Word jokes
Yourom?
White people can't say the N-word, but at least they can say, "Thanks for the warning, officer," and "Hi, Dad."
"How do you make 7 even?"
"Take away the s."
Wanna know the last words of the south tower?
"HAHA LOOK AT YOU! IMAGINE BEING HIT YOU L BOZO!"
Are you gay? "No." Oh, so you're not happy? "No." Oh...
What’s a necrophiliac’s safe word?
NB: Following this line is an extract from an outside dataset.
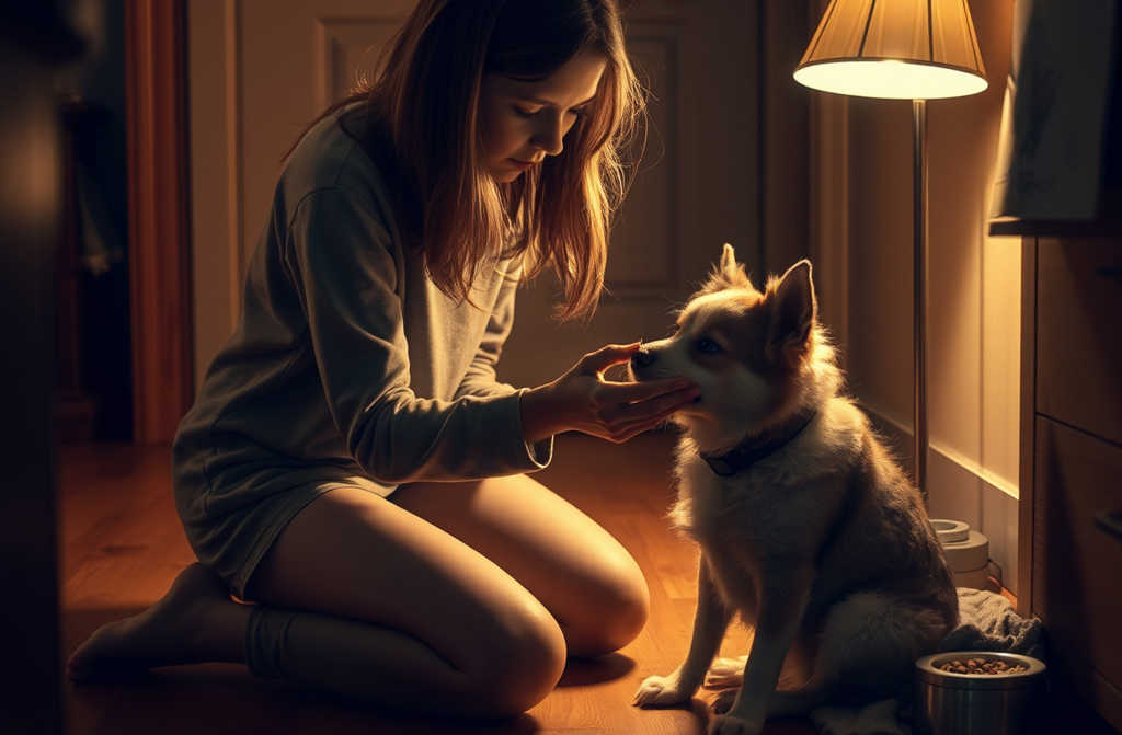 Дома я постелила стару ковдру біля батареї. Вода, корм у мисці. Він підійшов, понюхав, сів, подивився на мене, потім на двері. Довго. Ніби перевіряв, чи замкнено.

I’m alive.
This is 15 first-year treating a swan.
Students return: "Without payment?"
The word "I die with many important problems."
Later, you answer this point: "DSD, rats?"
Alle Kinder hiessen Melissa, ausser Kurt, han hed det "grime Kurt bombomn".
What were Stephen Hawking's dying words?
"Restore factory settings."
Person 1: "Hey, I created a new word!"
Person 2: "What is it?"
Person 1: "Plagiarism!"
From the wise words of my friend, "You ain't a man 'til you had a man."
Stupid.
Spell fuzz.
Okay, F-U-Z-Z, which also, it sounds like "F U Z's."
What’s the most terrifying word in nuclear physics?
Oops!
My teacher said, "Words don't hurt!"
So I threw my dictionary at her.
Nutty.
Why does the orphan can’t write a single word or sentence?
Because the orphan is dumber.
Braken Rodrgrigous?
What’s a 5 letter word that starts with a ‘P’ that girls love to get their hands on? 😏
Why can't men play baseball?
Because no one can take the word "balls" seriously anymore.